» **Given material**
::::
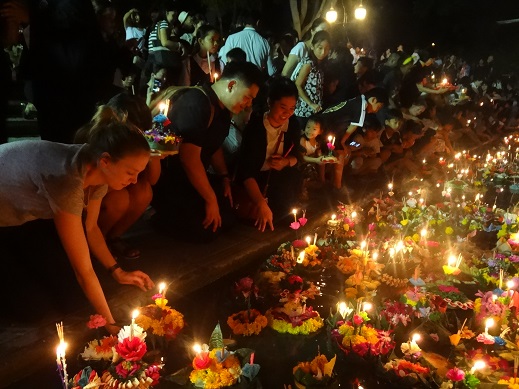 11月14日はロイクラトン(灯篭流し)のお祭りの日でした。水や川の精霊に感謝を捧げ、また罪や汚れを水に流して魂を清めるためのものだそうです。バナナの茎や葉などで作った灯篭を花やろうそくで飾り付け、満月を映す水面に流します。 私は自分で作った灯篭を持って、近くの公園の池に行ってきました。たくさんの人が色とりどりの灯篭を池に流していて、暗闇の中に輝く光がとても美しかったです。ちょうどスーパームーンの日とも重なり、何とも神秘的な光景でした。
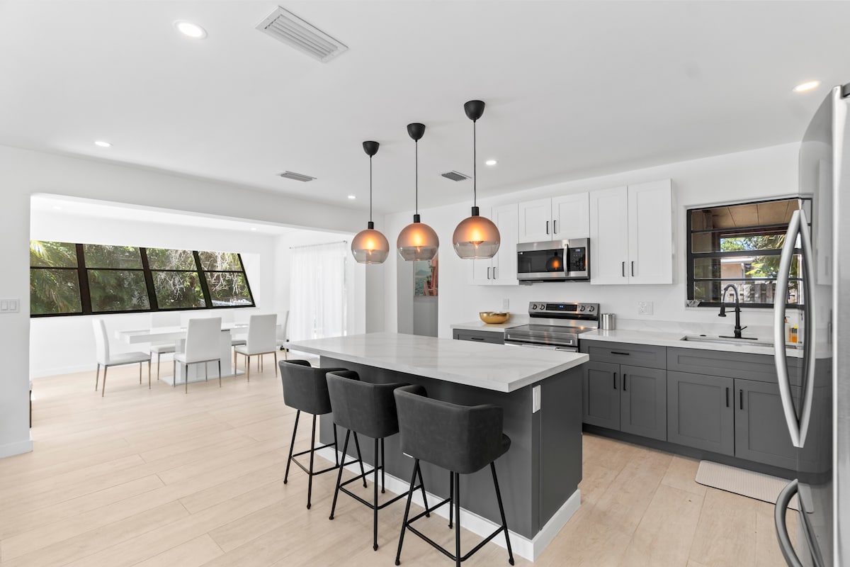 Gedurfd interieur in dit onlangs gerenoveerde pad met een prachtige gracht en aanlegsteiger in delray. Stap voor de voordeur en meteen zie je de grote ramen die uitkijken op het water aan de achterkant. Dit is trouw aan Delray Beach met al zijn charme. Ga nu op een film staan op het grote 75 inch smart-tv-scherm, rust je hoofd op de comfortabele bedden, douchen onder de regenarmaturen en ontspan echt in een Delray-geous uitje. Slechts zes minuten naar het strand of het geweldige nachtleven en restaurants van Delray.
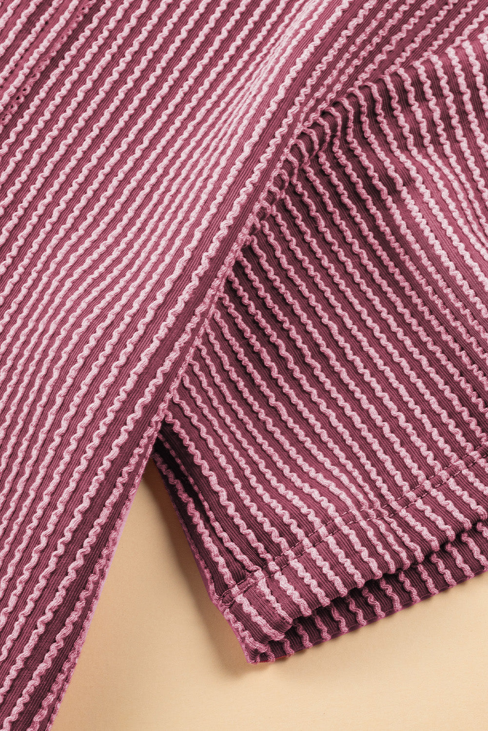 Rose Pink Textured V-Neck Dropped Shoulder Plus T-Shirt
::::
» **What is needed**
After removing the pictures, transcribe the listing above exactly.

» **Completed task**
 11月14日はロイクラトン(灯篭流し)のお祭りの日でした。水や川の精霊に感謝を捧げ、また罪や汚れを水に流して魂を清めるためのものだそうです。バナナの茎や葉などで作った灯篭を花やろうそくで飾り付け、満月を映す水面に流します。 私は自分で作った灯篭を持って、近くの公園の池に行ってきました。たくさんの人が色とりどりの灯篭を池に流していて、暗闇の中に輝く光がとても美しかったです。ちょうどスーパームーンの日とも重なり、何とも神秘的な光景でした。
 Gedurfd interieur in dit onlangs gerenoveerde pad met een prachtige gracht en aanlegsteiger in delray. Stap voor de voordeur en meteen zie je de grote ramen die uitkijken op het water aan de achterkant. Dit is trouw aan Delray Beach met al zijn charme. Ga nu op een film staan op het grote 75 inch smart-tv-scherm, rust je hoofd op de comfortabele bedden, douchen onder de regenarmaturen en ontspan echt in een Delray-geous uitje. Slechts zes minuten naar het strand of het geweldige nachtleven en restaurants van Delray.
 Rose Pink Textured V-Neck Dropped Shoulder Plus T-Shirt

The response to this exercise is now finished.